Government borrowing was higher than forecast in the last financial year, according to official figures.
Borrowing – the difference between spending and tax income – reached £120.7bn in the year to March, the Office for National Statistics said.
While it is lower than the previous year, it was £6.6bn more than the government’s forecaster predicted.
The higher-than-expected figure could limit a further pre-election tax cut, analysts said.
“If the chancellor was hoping March’s figures would provide more scope for tax cuts at a fiscal event later this year, he will have been disappointed,” said Ruth Gregory, deputy chief UK economist at Capital Economics.
Jessica Barnaby, ONS deputy director for public sector finances, said that over the past year government spending was up by about £58bn “with increased spending on public services and benefits outstripping large reductions in interest payable and energy support scheme costs”.
“But with public sector income up £66bn, overall, the deficit still fell,” she said.

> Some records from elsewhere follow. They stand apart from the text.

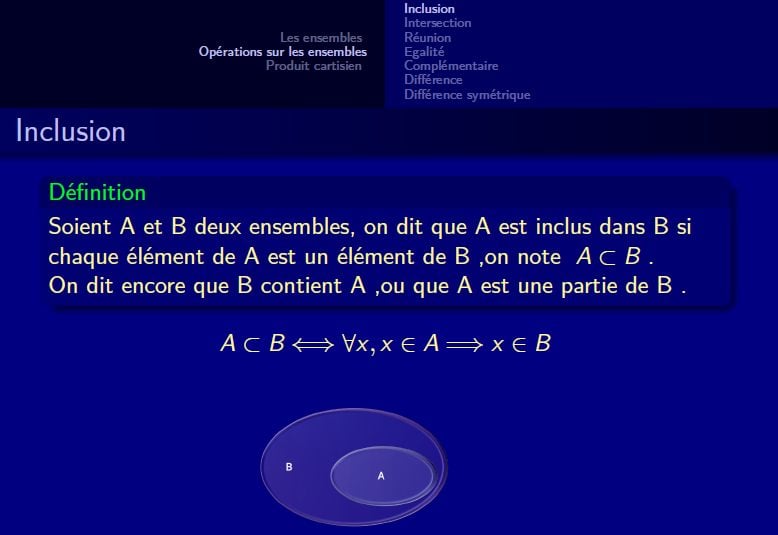 - 🔹 Inclusion et égalité : comprendre comment comparer deux ensembles, déterminer si l’un est inclus dans l’autre, et maîtriser les conditions d’égalité entre ensembles.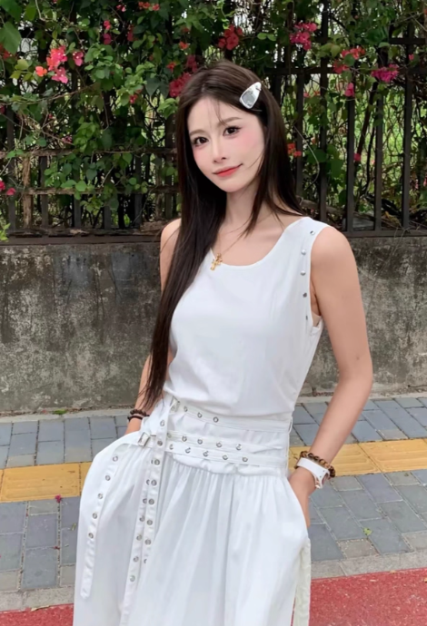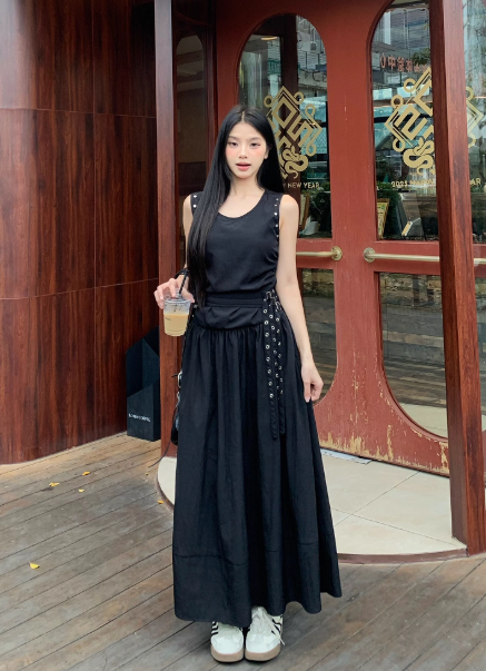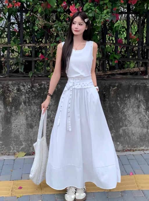 Robe longue plissée à col ras du cou pour femme, tenue d'été tendance avec ceinture cloutée D1913
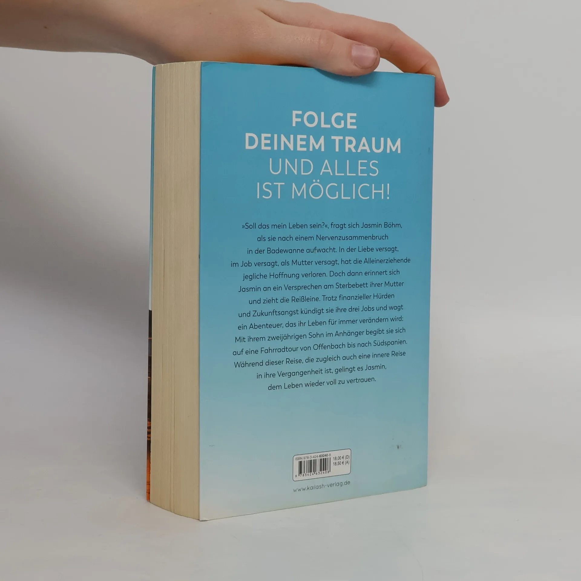 "Vertraue ins Leben und die richtigen Türen öffnen sich." Lars Amend »Soll das mein Leben sein?«, fragt sich Jasmin Böhm als sie nach einem Nervenzusammenbruch in der Badewanne aufwacht. In der Liebe versagt, im Job versagt, als Mutter versagt, hat die Alleinerziehende jegliche Hoffnung verloren. Bis ein fast vergessenes Versprechen am Sterbebett ihrer geliebten Mutter sie dazu bewegt, die Reißleine zu ziehen: Trotz finanzieller Hürden, Zukunftsängste und Gegenwind aus dem Familienkreis nimmt Jasmin all ihren Mut zusammen und kündigt ihre drei Jobs. Sie wagt einen Neuanfang, der ihr Leben für immer verändern wird. Mit ihrem zweijährigen Sohn im Anhänger begibt sie sich auf eine abenteuerliche Fahrradtour von Offenbach bis nach Südspanien. Während dieser Reise ins Glück gelingt es ihr, das kostbare Band zu ihrem Sohn noch enger zu knüpfen und dem Leben wieder voll zu vertrauen. Mit einem Vorwort von Lars Amend.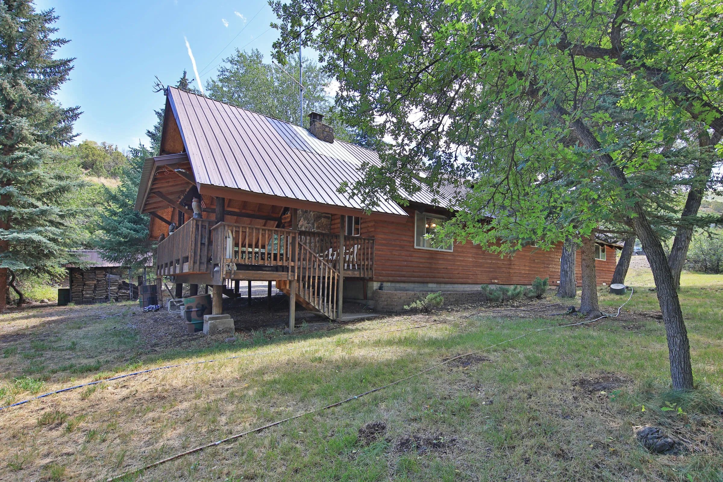 Drive scenic country roads to this Colorado mountain log home nestled in a private valley, surrounded by mature pine and shade trees. This 36.33-acre parcel is fully fenced, with year-round Cottonwood Creek running through it. The 1½-story, 4-bedroom, 2-bath log cabin sits along the peaceful rock lined creek and features a large, covered deck. Inside, you’ll find an open concept kitchen, dining, and living area under high vaulted wood ceilings. A wood stove insert in the stone fireplace provides warmth for chilly mountain days and nights, with a propane gas stove offering additional heat throughout the home. A secondary entrance opens to a foyer with a full walk-through bath that connects to the spacious primary bedroom. The conveniently located laundry room features a stackable washer/dryer, utility sink, counter space, cupboards, and extra storage. Down the hall, you’ll find a closet for additional storage, a second full bathroom, and two bedrooms. Wood stairs lead upstairs to a spacious loft with two rooms. One offers a sitting or sleeping area with a private balcony and an efficient kitchen with cabinets, mini fridge, and microwave. The second room overlooks the main level and can be used for guests or additional living space. Outside, there is a 16x13 metal shed with a concrete floor for storage. Enjoy abundant wildlife and year-round outdoor activities from this Colorado country log home, conveniently located about 30 minutes from Mesa and Collbran, and roughly an hour from I-70.
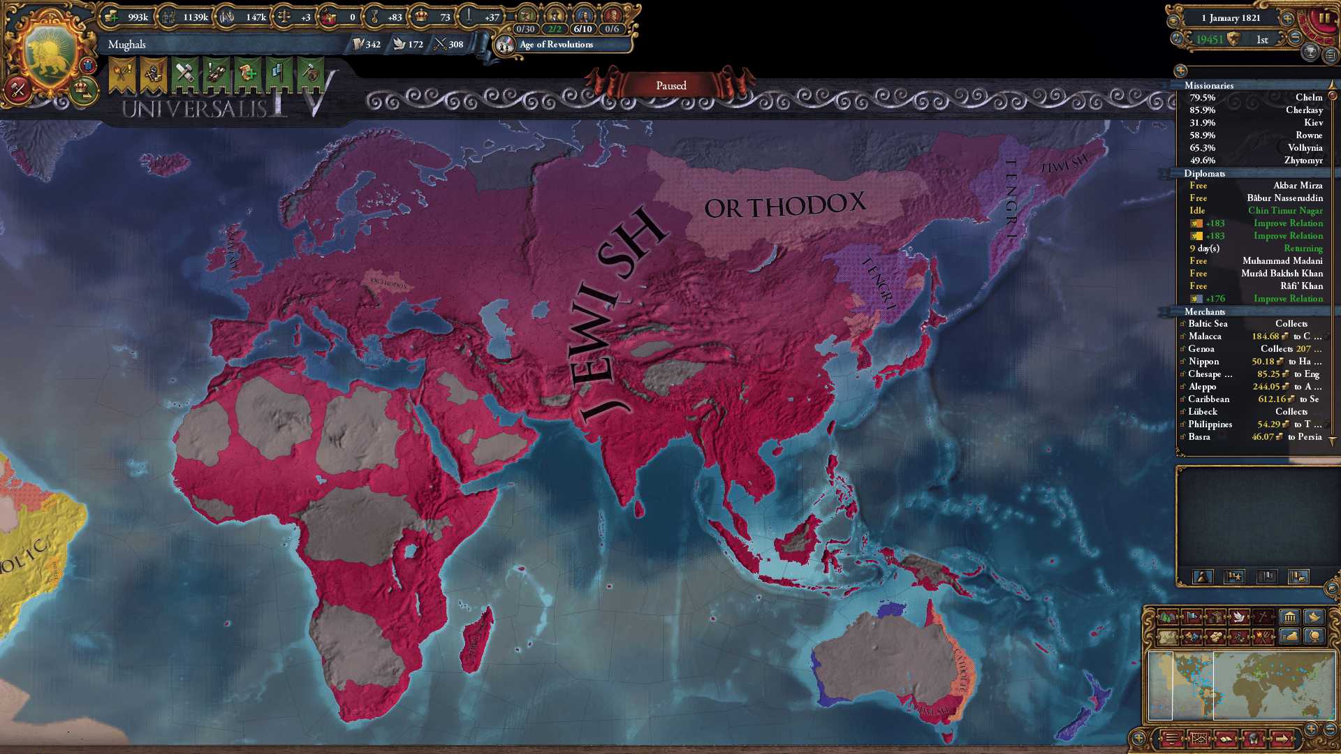 かといってEthiopiaでは終盤に改宗力が覚束ない。せめて地中海沿岸(エルサレムとか)にユダヤ州が1つでもあれば、別の戦略も考えられるのでしょうが…。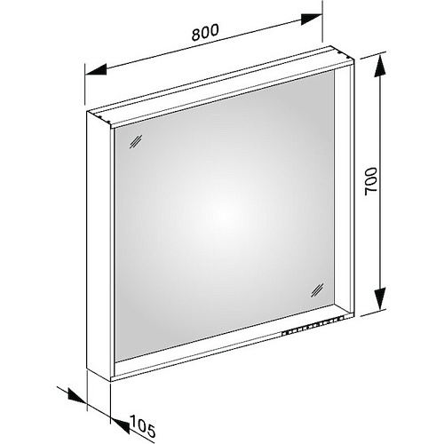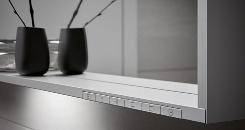 С подогревом зеркала, плавная регулировка цвета подсветки от 2700 Кельвин (теплый белый) до 6500 Кельвин (яркий дневной свет), алюминиевая рама по периметру зеркала, алюминий серебристый анодированный. Управление: сенсорная панель управления, на выбор – с возможностью подключения к общему выключателю. Подогрев зеркала: оптическая индикация фазы нагревания, автоматическое отключение через 20 мин. Подсветка: светодиоды (срок службы более 30 000 часов), основное освещение (верхнее и освещение стен) и освещение умывальника с отдельной регулировкой интенсивности и включением/выключением.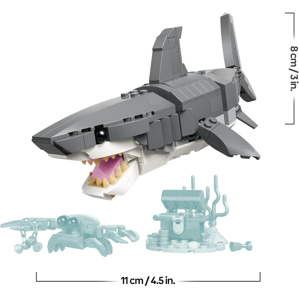 DIMENSIONI: questo set di figure di animali marini di 379 pezzi include uno squalo giocattolo LEGO® che misura 8 cm di altezza, 26 cm di lunghezza e 11 cm di larghezza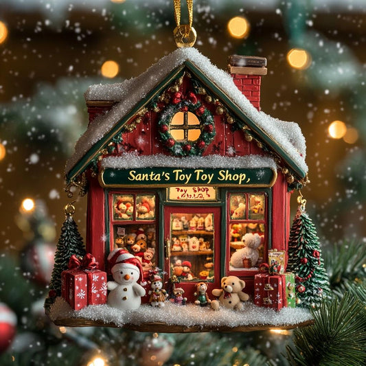 Personalized Christmas Toy Shop Ornament - Santa’s Workshop Mini House Decor, Holiday Gift For Kids And Collectors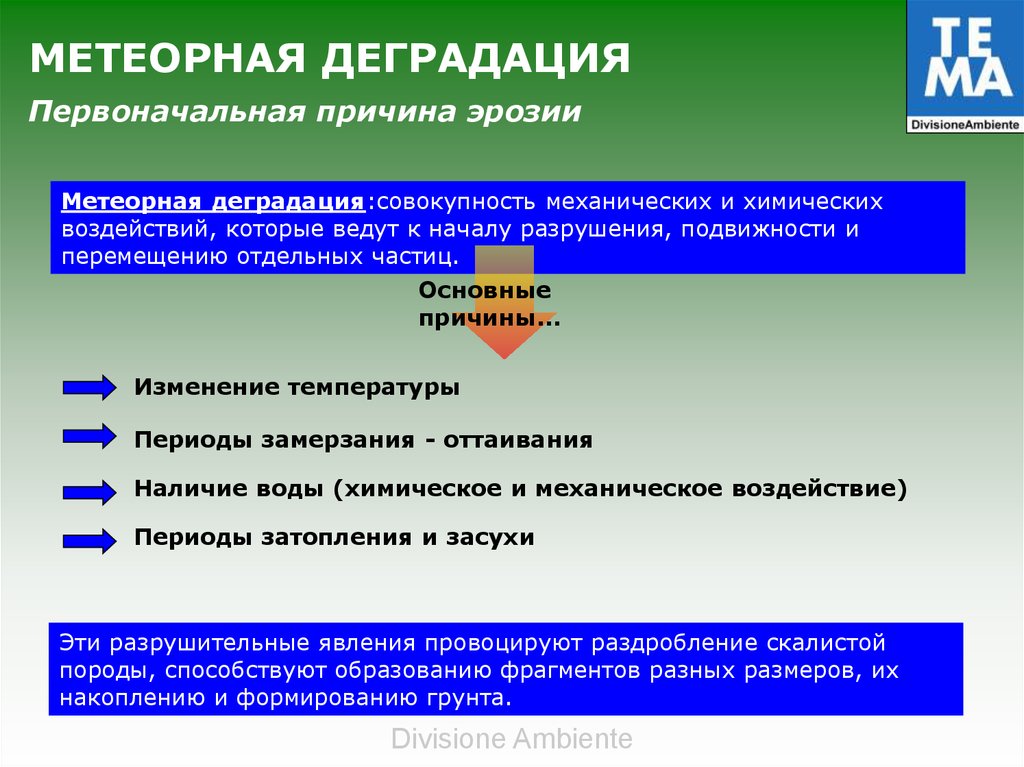 МЕТЕОРНАЯ ДЕГРАДАЦИЯПервоначальная причина эрозии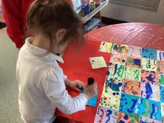 To extend our pattern work, the children explored colour mixing using paint. They experimented carefully, noticing how colours change when mixed together and then used their new shades to create their own patterns on square tiles. Once dry, the tiles were joined together to make a beautiful collaborative patchwork — just like Elmer!

Borrowing in March alone was £11.9bn, which was £4.7bn less than a year earlier but still higher than analysts had expected.
Total debt – which is the overall amount of money owed by the government that has built up over years – was £2.7 trillion at the end of March.
That is the equivalent of 98.3% of the size of the UK’s economy as measured by gross domestic product (GDP), remaining at levels last seen in the early 1960s, the ONS said.